Yunis, if you have a GTR they wont quite fit... the rear arch is wider than a GTS-t so would probably bend those skirts down and under the car...


----------



## markyboy.1967 (Feb 14, 2004)

*Before and After*

Engine bay before.











During.











After.










Still got quite a way to go with the engine bay cosmetics. Ordered an SFS silicon hose set, Gredy stainless radiator top pipe, Nismo radiator cap, then its a few other bits and pieces which are undecided yet


----------



## GTR-NUTTER (Jul 9, 2002)

BLODY HELL MARK

im now blind

K


----------



## SteveC (Jul 2, 2001)

Not a skyline...

exterior









Interior before..










Exterior after









Interior after











getting signwritten soon...

see ya
Steve


----------



## Luffy (Jul 12, 2004)

Whats the real spoiler mate, might look nice on me 32


----------



## SteveC (Jul 2, 2001)

I can't remember but it was quite cheap off ebay from america. I had a bit of hassle getting it here because I forgot their dates were different, and they seemed to forget that too.

it arrived in the end though...

It would look nice on a 32 though

/Steve


----------



## Luffy (Jul 12, 2004)

cheers mate, ill have a hunt around!!

by the way the car looks great!!


----------



## GTR-NUTTER (Jul 9, 2002)

LUFFY M8

try halfurds they got a carbon one thats similar, and cheap

K


----------



## Luffy (Jul 12, 2004)

cheers ill have a look,

found one on ebay for £70 but the bloke ended auction early, so ill keep looking!


----------



## BBD (May 30, 2002)

My process is LONG but anyways there was a lot in between.

First Picture of car.

And the current look


----------



## SteveC (Jul 2, 2001)

BBD that looks awesome. !!

the halfrauds one may not be wide enough from memory. Mine is the same width as the rear arches. 
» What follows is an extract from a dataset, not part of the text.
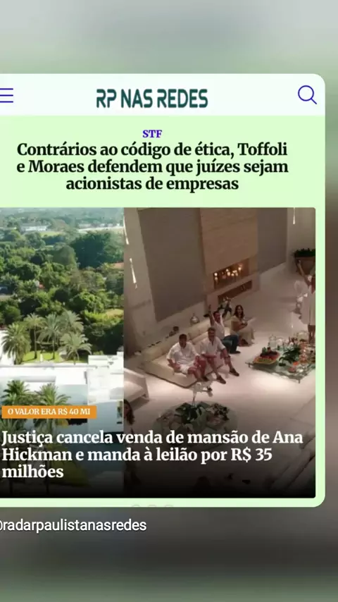 RP NAS REDES, E AS PRINCIPAIS NOTÍCIAS DO DIA (04/02/26): CONTRÁRIOS AO CÓDIGO DE ÉTICA DO STF, TOFFOLI E MORAES DEFENDEM QUE JUÍZES SEJAM ACIONISTAS DE EMPRESAS VENDA DA MANSÃO DE ANA HICKMAN É CANCELADA PELA JUSTIÇA, QUE MANDA IMÓVEL À LEILÃO E MUITO MAIS VOCÊ CONFERE... ...no www.rpnasredes.com.br Conexão com a informação (Renato Albuquerque, da Redação do Radar Paulista) DIVULGUE E AMPLIE SEUS NEGÓCIioOS NO 'RP NAS REDES'. 📰🗞 #alexandredemoraes #DiasToffoli #STF #anahickmann
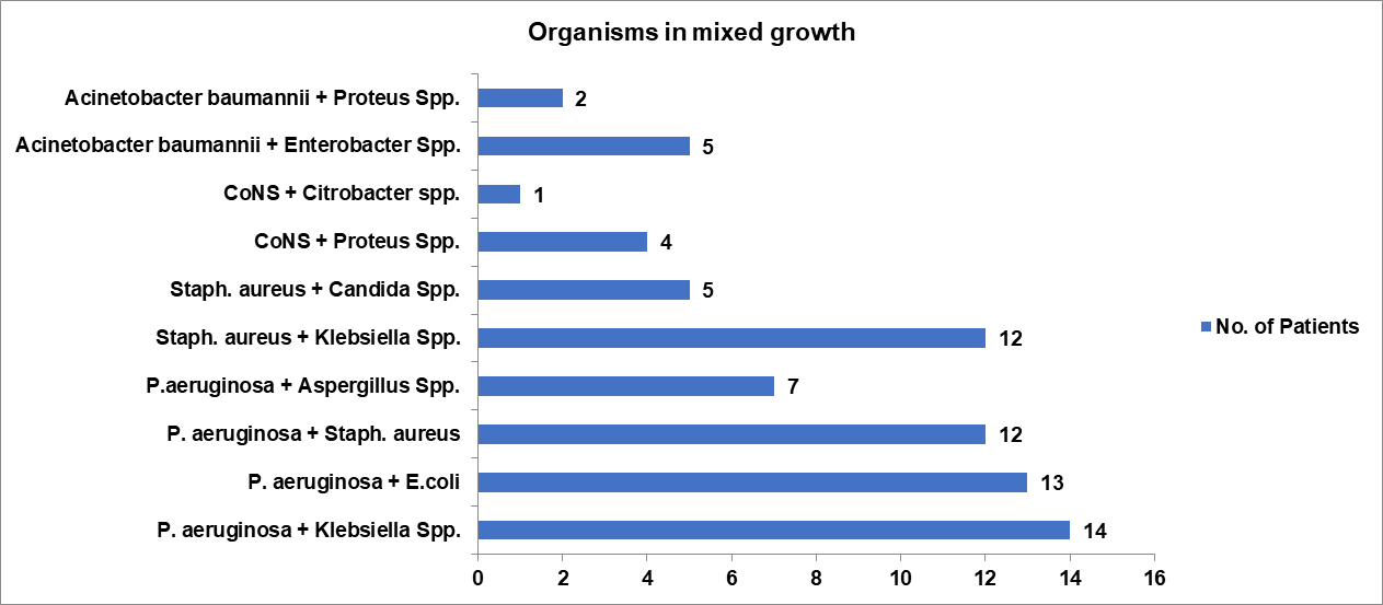 Results: A total of 500 patients were included in the study, with 62.8% being males. The most common organism isolated was Pseudomonas aeruginosa. Fungi accounted for 30 isolates (5%) and anaerobes were 5 isolates (1%). Gram-negative bacteria were found to be most sensitive to Piperacillin-tazobactam (96%) while the highest resistance was noted to Amoxicillin-clavulanate (65%). 100% of Staphylococcus aureus isolates were sensitive to Vancomycin, Linezolid, and Teichoplanin.13% of S. aureus were found to be Cefoxitin resistant (MRSA). The highest resistance in S. aureus isolates was noted to Ciprofloxacin (65%).13% of isolates of Gram-negative bacteria had ESBL production while Amp C β-Lactamase production was noted in 9% of isolates. Out of 186 isolates tested for biofilm production, 149 isolates (80%) showed biofilm production. A total of 30 fungal isolates were obtained in culture. Aspergillus spp. Accounted for 66.6% of fungal isolates while Candida spp. accounted for 33.3% of fungal isolates. The sensitivity of Candida isolates was tested to Fluconazole, Itraconazole, Voriconazole, and Flucytosine and they were found to be 100% sensitive to all the antifungals tested.

That R34 looks totally menacing though.

/Steve


----------



## RB_26 (Nov 28, 2004)

What make of induction kit / pipe kit have you installed. Looks huge  :smokin:


----------



## RB_26 (Nov 28, 2004)

*Stunning engine bay.. in fact entire car!*



hipogtr said:


> Apologies for the poor picture quality - you get the basic idea.
> 
> Cya O!
> 
> ...


Awsome.  
Any chance of a tech rundown on the engine.... stunning by far the best I've seen. :smokin:


----------



## hyrev (Apr 30, 2004)

Hippo, i can barely tell the difference in the engine bay. What did you do to it?
Oh, you added some blue hoses. Ok, I see now. 

J/K-Holy Sh!t, i love that car!


----------



## JasonO (Jun 29, 2001)

Bet you can't tell what I changed


----------



## GavGTR (Jan 12, 2004)

JasonO said:


> Bet you can't tell what I changed


Maybe its the new Samsung Hairdryer on the right hand side of the engine bay - Industrail strength blower!  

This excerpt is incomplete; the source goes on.